It depends. You have to consider it like Earth and Mars and all of the compromises and plans one would have to make to travel back and forth on a regular basis. You’ll have to make an initial decision—-are you operating at his level (moving to neighborhoods he finds familiar) or to yours? That’s the first hurdle. Let’s say you move to his. It will be a different world for you and feel more dangerous and contradictory because the rules of poverty/working class are stringent and narrow: Survival, Relationships and Entertainment.
Upper Middle Class is more expansive, not because they’re “better” people but because they have more resources so survival isn’t absorbing 50% or more of their time and attention. There’s time for Food, Art, Reading, Hobbies, Civic Activities, Politics, Organized Religion, Adult School/Further Education, School for Children, After School Activities, Sports, Work, Multiple Relationships—Private, Personal, Family, Friendship, Professional, Networking, Exploring Identity/Sex/Sexuality, Spirituality, Health—Gym, yoga, doctors, homeopathic remedies and activities, Travel, Life Planning, Retirement Planning.
You can see how this will overwhelm your mate because there’s so much to do in middle class and higher, so many more responsibilities. The class social system maintenance is almost a job unto itself. This will make no sense to him because he’s not been on the train for twenty years so he won’t comprehend how all of these activities and connections make the train (your life) move better, faster, deeper, present more opportunities for yourself, children, a partner. A lot of your disagreements will be over the allotment of time to “them” and to “him”. His activities and interests, far more constrained due to finances will constitute more of his identity while the things you’re used to will be about the expansion of identity. It seems close but it’s vastly different.
Here’s a poverty/working class question I’ve been asked by past dates/partners:
“Why do you write so much?”
“Because I like it.”
“I don’t understand.”
“What don’t you understand?”
“Why you write so much. Let’s watch TV.”
Now if I add that I publish and I get paid for my work, it edges a bit closer to making sense but my stepfather—-whom was from poverty and my mother wasn’t when they met, couldn’t understand where ALL the writer money was. How I could have all of these endeavors, a TV show, books, blogs, videos and I wasn’t Tyler Perry. Why was I still teaching if I didn’t have to why was I going to school for advanced degrees if I had survival money from media? Couldn’t I just go on Shark Tank and make a deal, make more money and then take care of him/them? He also assumed that what was his was his, my mother was to be shared and mine was to be shared. Poverty is egalitarian in some ways, whims in others, selfish and greedy in others. Poor people spend so much time thinking about money that it warps them. No one ever talks about this. It makes poor people shift their integrity, lower their ethics but not increase their productivity. It’s ironic and contradictory.
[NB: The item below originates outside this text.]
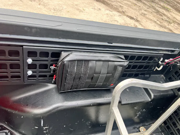 Another benefit is that the rack system makes loading and unloading quicker. No longer do we need to go through the hassle of running straps all over the place to secure or release gear. Furthermore, we like the MOLLE pouch included with the system. We mounted ours to the driver-side rack and use it to carry a first-aid kit, among other things. Additionally, we need to give kudos to the BuiltRight MOLLE nuts. They’re small, but a lifesaver. They make it easy to move mounts around once the panels are installed on the truck.

What’s missing in the lower class mental structure is meaning, significance in one’s life to do or create something. They may feel it but it’s rarely encouraged outside of basic school unless money can directly be made from it. Most drug dealers, hustlers, etc are extremely creative people but all the tools they have access to are illicit so crime becomes a form of creativity. Art is of course inherently possible to be an interest of the poor but it requires schooling, time, resources, materials to get good at which isn’t always available so the default is TV and video games.
Your families will clash because one will be about hiring someone to cook, prepare and bring the main dishes and the other will do it themselves and think it’s impersonal to hire someone. The wedding will be a NATO negotiation. And your family’s taste will always seem snobby, too much, extra, airs. Not because your family has done anything wrong but because higher social class seeks convenience and uses resources to establish it. It trusts that someone knows better and measures time to learn how to make lace doilies for a wedding table over going online and purchasing two hundred in an hours time. This means there are things you do, ways you buy food, travel, etc. that example this “convenience thinking” that he’s a;ready noticed but hasn’t directly chalked up to social class——because that’s an advanced analysis of personality and social being. He just thinks you’re different, weird, odd. Love glosses over until the infatuation period ends then your insistence on organic food when the food right next to it will be seen as blowing the budget.
What you want in life will start falling under the limits of what he can afford and provide because he may pridefully not want to be in social or economic out care to your family. To be indebted to them. He will view money differently. The higher classes view it as a tool to be used, to organize, to multiply, to project and propel into the future and into controllable assets. He’ll see it to pay bills and have fun then go get some more when that runs out. That’s a huge contextual difference.
Sex and fidelity will men different things as extra social time away will be seen as form of cheating if he’s not present, and maybe if he is. You’ll see in his sphere that sex is more available because marital/partnership bonds are less respected. It’s less respected because men are contextualized in two static terms lover or fighter. You’re asking him to create wholesale a third one, partner. He has been raised with rules about monogamy that are strict for women but extremely loose for men.
A great book that I regularly teach in classes to help students understand social class in love is Crossing The Tracks for Love. It clarifies the fights and experiences at every level of a relationship.